Ele fornece ao smartphone a capacidade de ser destravado, após reconhecer em um rosto os traços faciais cadastrados. Se o iPhone X, da Apple, fez surgirem várias pessoas tentarem burlar seu sistema de reconhecimento facial, foi a Samsung a acrescentar pela primeira vez esse tipo de reconhecimento biométrico em um celular, o S8.

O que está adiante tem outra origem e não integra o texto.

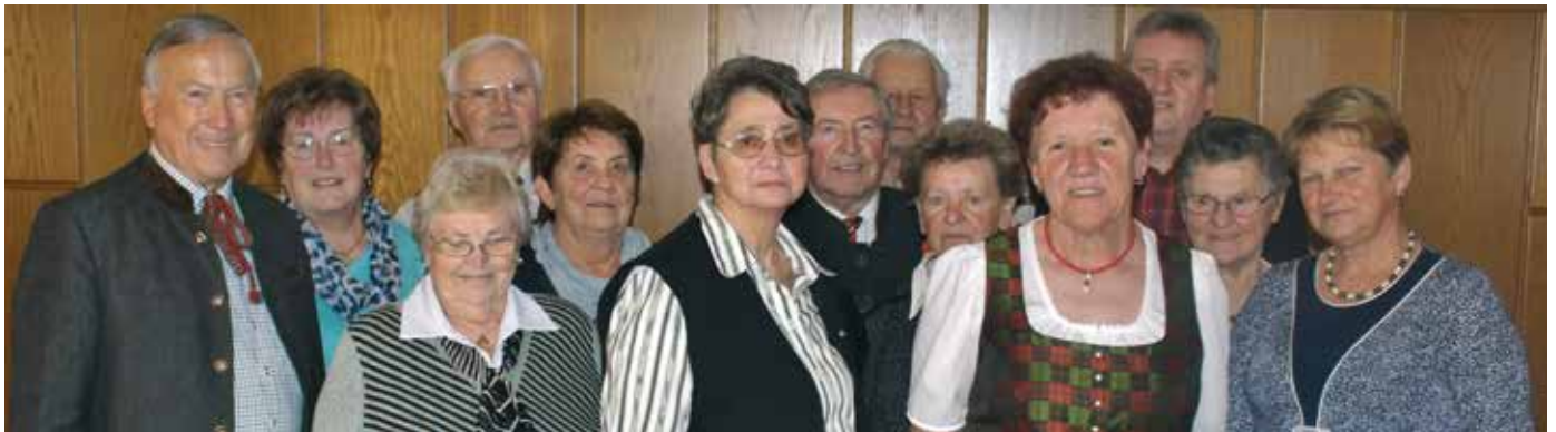
Neuer und alter Vorstand des Seniorenbundes mit Ehrengästen
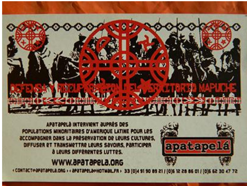
Imagen 10: Logotipo Colectivo Apatapelá, Marsella, Francia.
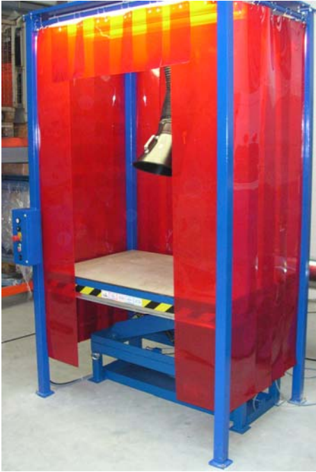
Ergonomische lastafel met afzuiging

De meest efficiënte methode om de blootstelling aan lasrook te beheersen is om de lasrook aan de bron af te zuigen. Hiervoor zijn verschillende methoden beschikbaar:
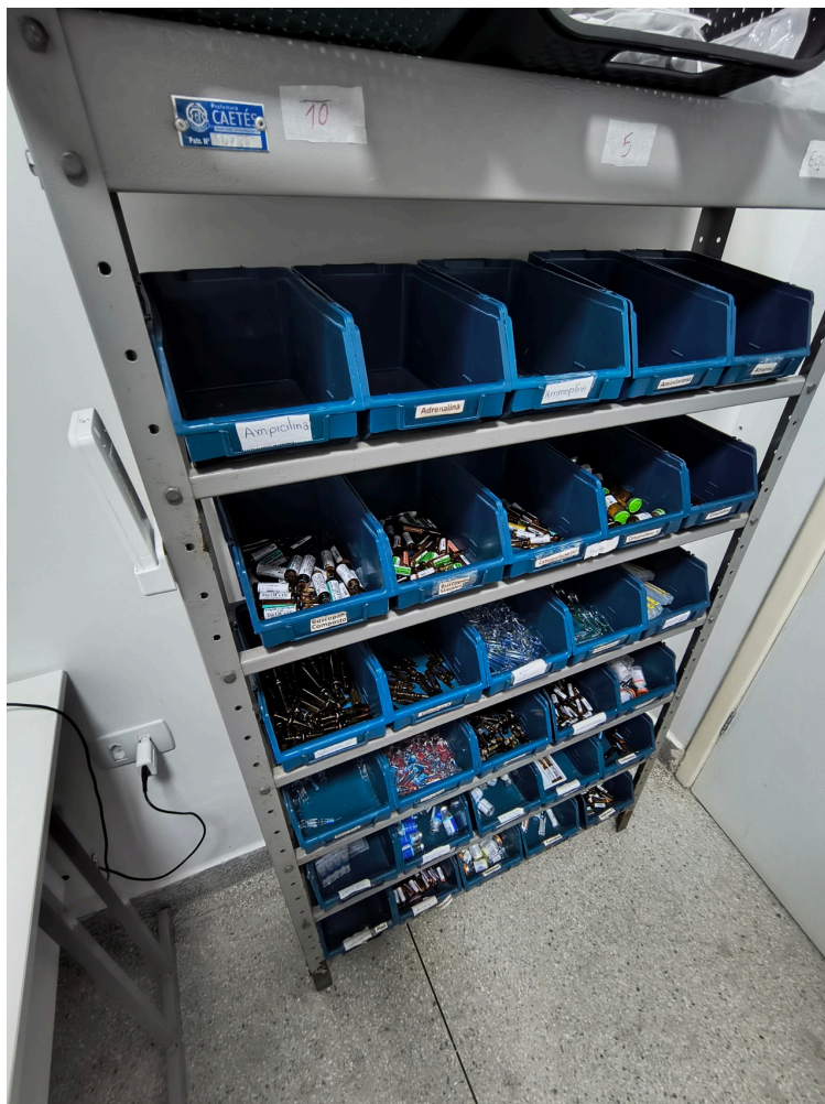
farmácia hospitalar abastecida
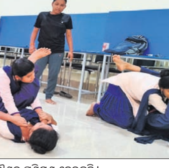
ଛାତ୍ରମାନେ ଆତ୍ମରକ୍ଷା କୌଶଳ ପ୍ରଶିକ୍ଷଣ ନେଉଛନ୍ତି ।
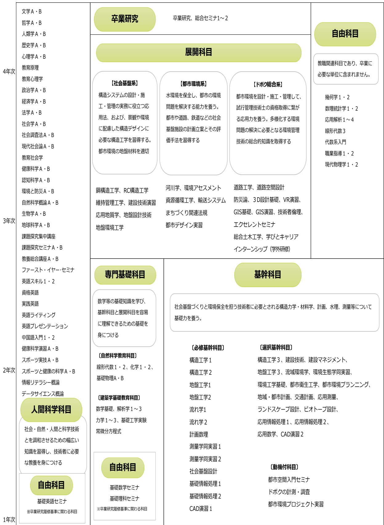
図一 建築学科都市空間インフラ専攻の教育課程の構成概念図
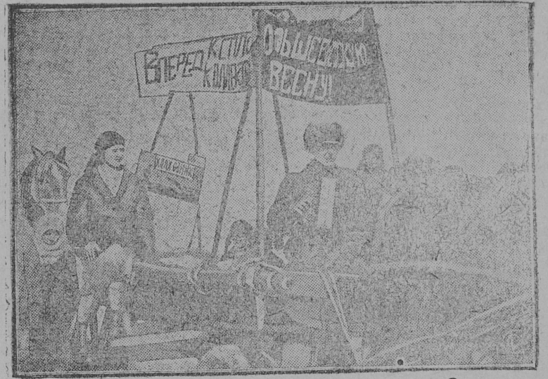
Агитповозка колхоза «Красный кунач» Ливенского р-на ЦЧО со стенгазетой, литературой и плакатами.
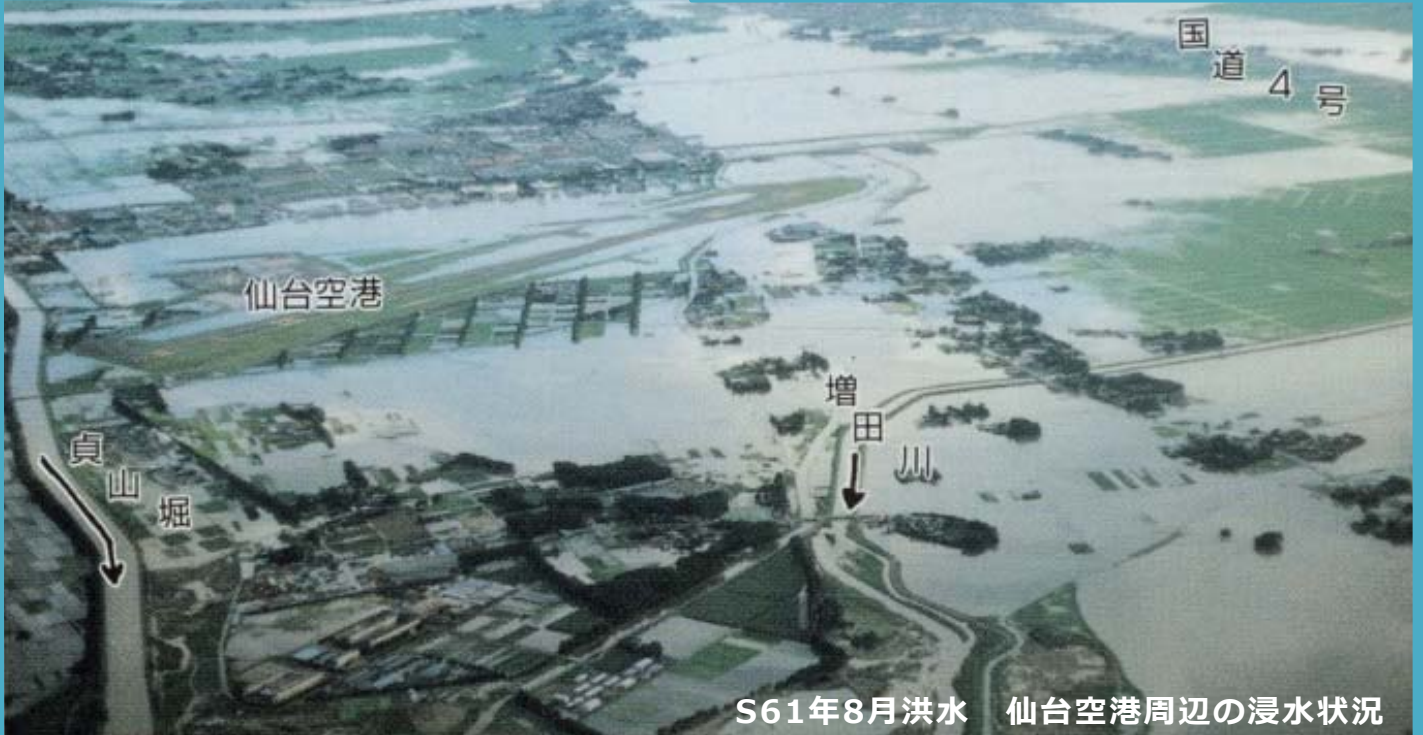
S61年8月洪水 仙台空港周辺の浸水状況
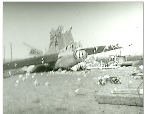
Bruch der B-17 Fortress # 42-102482 nahe dem Bahnhof in Fümmele (Oben)
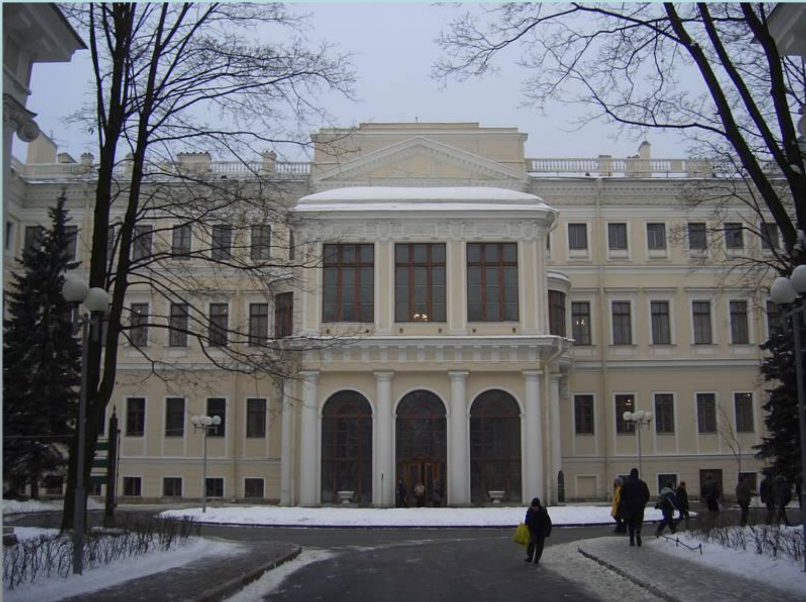
Невский пр., 39 (Аничков дворец)
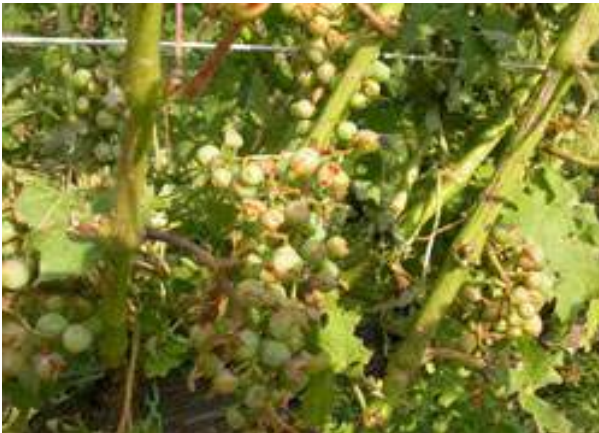
Dëmtimi i vreshtit nga breshëri

Sëmundja e njohur si Kalbëzimi (Botritisi) shfaqet gjatë motit të lagësht, sidomos pas breshërit, të shkakuar nga kërpudha nekrotrofike “ Botrytis Cinerea ” që shfaqet në vreshta menjëherë pas stuhisë së breshërit. Kokrrat e rrushit janë veçanërisht të ndjeshme ndaj kësaj sëmundjeje. Në shumicën e rasteve kur breshëri godet vreshtin, sëmundja më e zakonshme që shfaqet në kokrrat e rrushit është kalbëzimi, sepse konsiderohet se sasia e lagështisë është shumë e lartë dhe pasiqë kokrrat e rrushit janë të dëmtuara nga breshëri, janë edhe më shumë të ekspozuara ndaj kësaj sëmundjeje. Fotografitë e mëposhtme tregojnë shenjat kryesore të kësaj sëmundjeje:
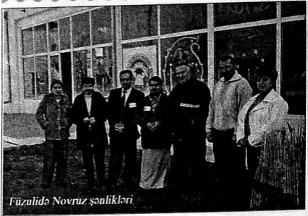
Füzulidə Novruz şənlikləri

lər, xüsusilə, tapmacalar, yanıltmaclar mövcuddur, yaranıb, yaşayır, yenə də yaranmaqdadır.
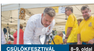
CSÜLÖKFESZTIVÁL 8–9. oldal
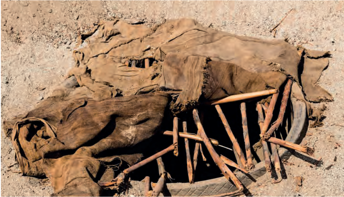
Figura 12. Tinaja enterrada en la arena estéril, Unidad IX del Sector A. Fue cubierta por un textil llano teniendo como soporte cañas entrecruzadas.

Indistintamente enterrados en la arena estéril, en varios puntos de las unidades se recuperaron vasijas de cerámica, algunas de grandes dimensiones, como tinajas, con un alto volumen de almacenaje para líquidos (Figura 12), vasijas más pequeñas, como ollas, fueron colocadas boca abajo y en posición boca arriba, al igual que lagenarias o mates completos.
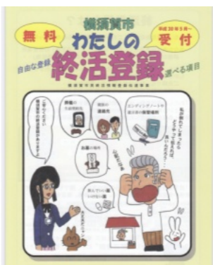
終活登録事業（横須賀市）

A 健康福祉部長 本市では、終末医療の現状や人生の最後にあたり自分の意思表示の大切さを理解する機会として市民参加型の座談会や終活講座を開催してきた。 また、市の高齢者支援センターが中心となって、民生委員による見守りや社会福祉協議会との連携を行い地域で包括的に見守る体制の強化を図っている。 終活情報登録伝達事業は、都市部と違って共助の精神が残っている地方では、まだ実施する
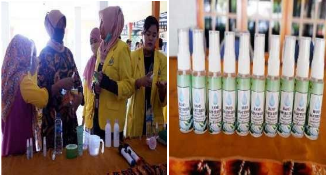
Gambar 5 : Sosialisasi Pembuatan Handsanitizer

Kegiatan ini dilakukan agar masyarakat atau warga desa sugihwaras mengerti cara membuat handsanitizer yang baik dan benar. Hal itu bertujuan agar warga desa sugihwaras bisa membuat handsanitizer di rumah masing masing dengan biaya yang lebih ekonomis. Apalagi dalam situasi pandemic seperti ini handsanitizer sangat sangat dibutuhkan. Handsanitizer selain cara pembuatannya mudah disamping itu juga praktis untuk dibawa kemana mana.
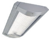
Flow LED BGP490
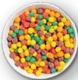
CEREAL EXTRUIDO BOLITAS FRUTALES 7 KG
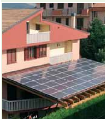
Un impianto fotovoltaico privato realizzato da Sorgenia Solar.
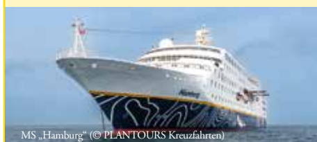
MS „Hamburg“

** Die genaue Kabinennummer erhalten Sie mit den Reiseunterlagen.
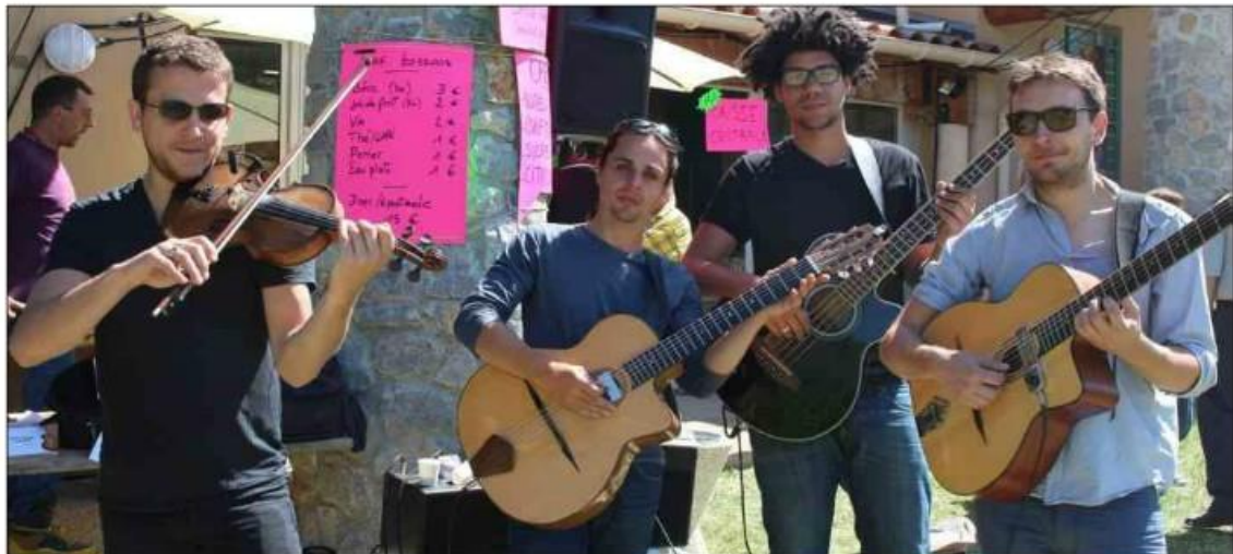
Le groupe « Gala Swing Quartet » a brillamment mis l'ambiance tout au long de cette journée festive !
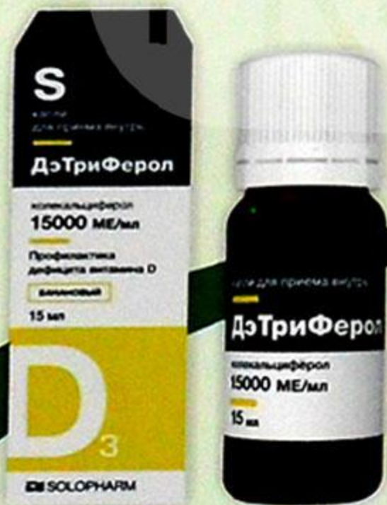
ДэТриФерол капли д/приема внутрь 15000 МЕ/мл 15мл банан
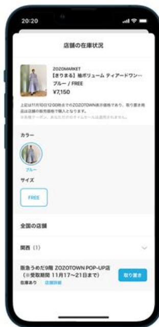
阪急うめだ9階 ZOZOTOWN POP-UP店を選択し、取り置きを依頼
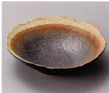
44502-311 夜明け8.0盛鉢 6,570円 (25×6.4cm)
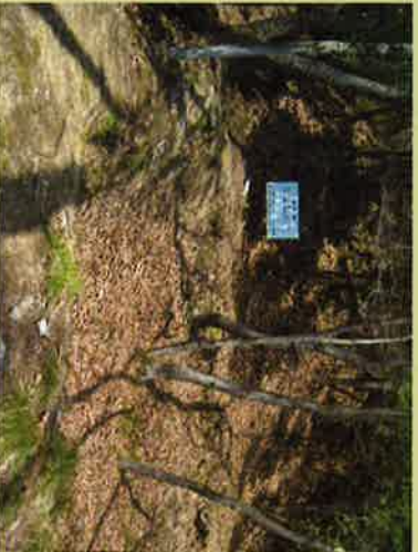
⑦ 番所跡は3段あり、土塁が今も残る。
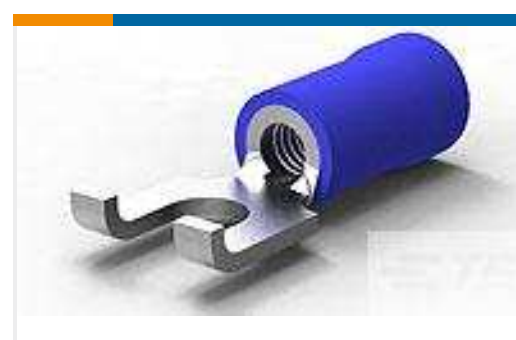
TE Teilenummer324165 TERMINAL,PG SPD FLG 16-14 6
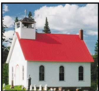
Église All Saints à Saint-Herménégilde

Pour plus d'informations : www.lieuxdeculte.qc.ca www.mrcdecoaticook.qc.ca/fr/culture-loisir/
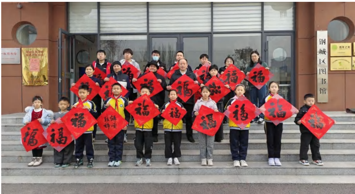
2025.1.25 “我的祖国我的节” 写福赠福
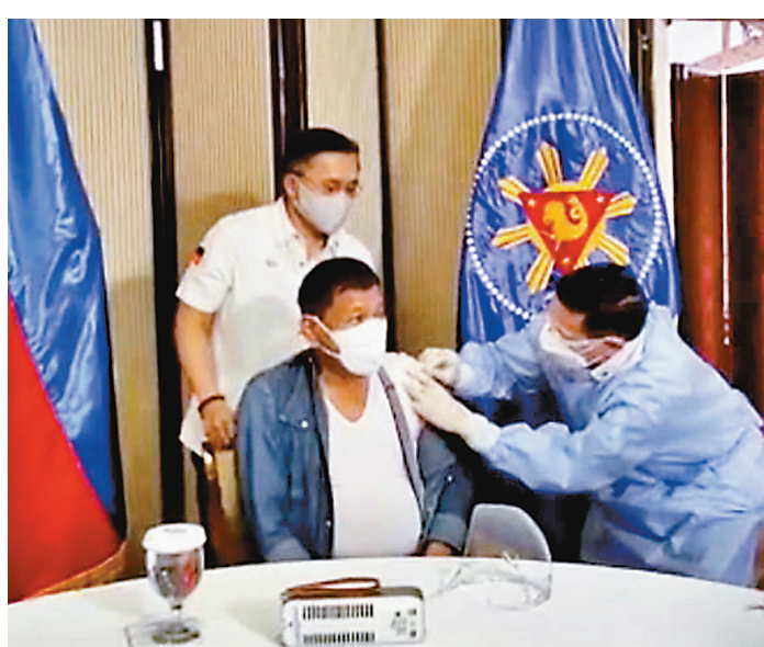
當地時間5月3日晚，菲律賓總統杜特爾特接種中國國藥新冠疫苗。
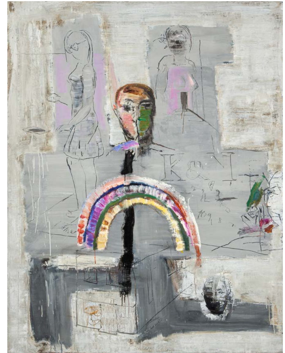
SESTRY / 2022-23 olej/plátno, 130 x 100 cm
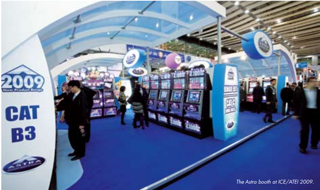
The Astra booth at ICE/ATEI 2009.
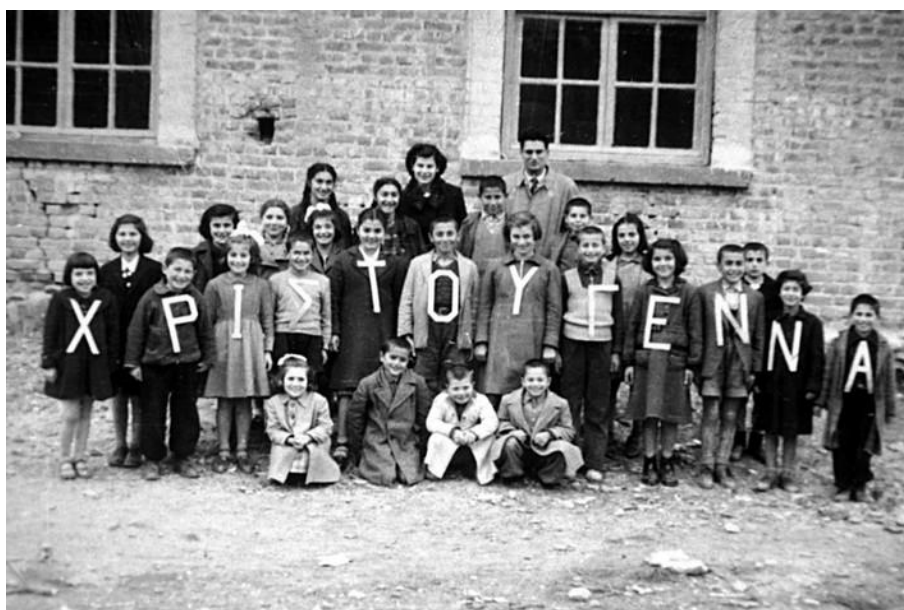
Εικόνα 5 Τα παιδιά του Ορφανοτροφείου τα Χριστούγεννα του 1953
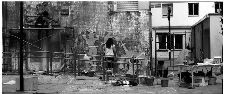
Gazteek eta Itziar Nazabalek murala egin zuten larunbatean.
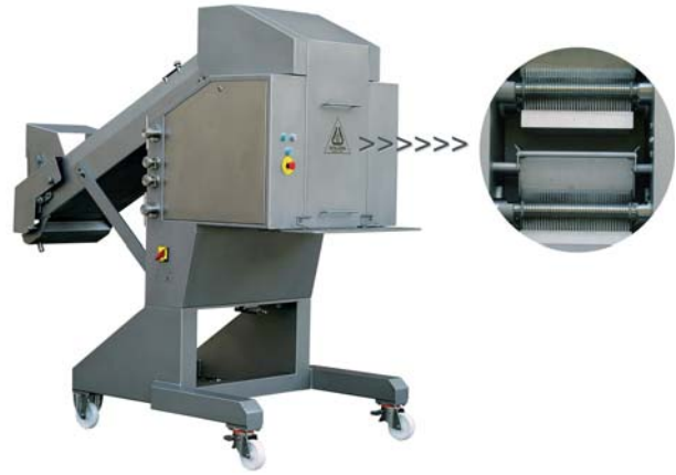
! Foto 2: Tenderizadora de cuatro rodillos, Filogrind Twin, Metalquimia, S.A. ! Photo 2: Four-roller tenderizer, Filogrind Twin, Metalquimia, S.A.

Rendimiento loncheado: Después de dos días de enfriamiento y estabilización del producto, se dejaron 2 horas en cámara de congelación y se procedió al rebanado en una loncheadora automática Weber 602, a 500 rpm, a un grueso de 1,5 mm, calculándose al final de cada pieza el rendimiento alcanzado. Al final de cada lote se realizó el promedio del rendimiento de todas las piezas loncheadas.
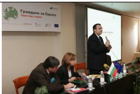
Българският евродепутат Мартин Димитров приветства участниците
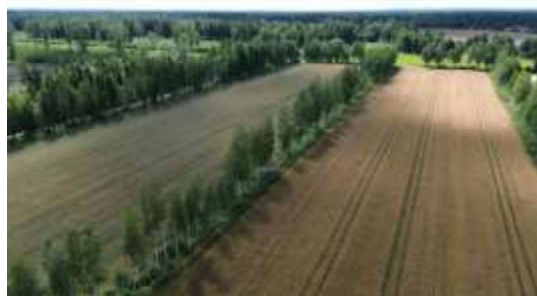
Zemes gabals 9096 001 0038
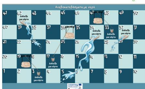
ΕΠΙΤΡΑΠΕΖΙΟ ΠΑΙΧΝΙΔΙ «ΑΝΕΒΟΚΑΤΕΒΑΣΜΑΤΑ ΜΕ ΝΕΡΟ»
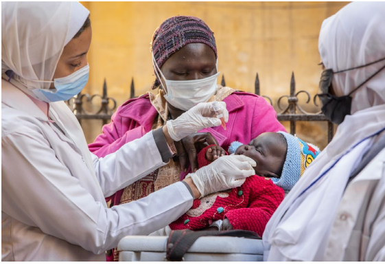
طفل لاجئ يتلقى لقاح شلل الأطفال كجزء من جهود وزارة الصحة والسكان لتطعيم جميع الأطفال في مصر.

“Já existe reconhecimento facial existe um bom tempo, entretanto está ficando mais maduro agora”, diz Campos, da Asus. Pezzoti, da Alcatel, comenta que a inclusão do sistema para trocar senhas alfanuméricas e em forma de códigos por rostos foi feita pra ser mais prático. “É só espiar para o seu smartphone e ele desbloqueia sozinho. Quer coisa mais do que pôr a senha ou fazer aqueles risquinhos que deixavam marcas pela tela? Só que, apesar de se alastrar muitos aparelhos, o reconhecimento facial não é lá muito confiável. Nem sequer para que pessoas o adota. “Ainda desse modo não é tão rapidamente e tão seguro quanto a impressão digital”, diz Campos.


Nem sequer a Apple, que eliminou seu sensor que lê impressões digitais, abriu mão da alternativa de haver outra forma de desbloquear seus aparelhos. Reconhecimento facil do Xperia ZX2, novo celular da Sony. “A gente fez charada de deixar o reconhecimento de digital, porque ainda é o jeito muito rapidamente e mais seguro de você desbloquear o seu telefone e acessar os dados que são sérias pra você”, diz Campos.


Só que o leitor de digitais obteve funções adicionais além da de destravar o celular. No Zenfone 5, o sensor tem êxito como um mousepad, que controla o painel de notificações (deslizando o dedo sobre o leitor, é possível maximizar ou minimizar o menu de controles e até observar os avisos de aplicativos).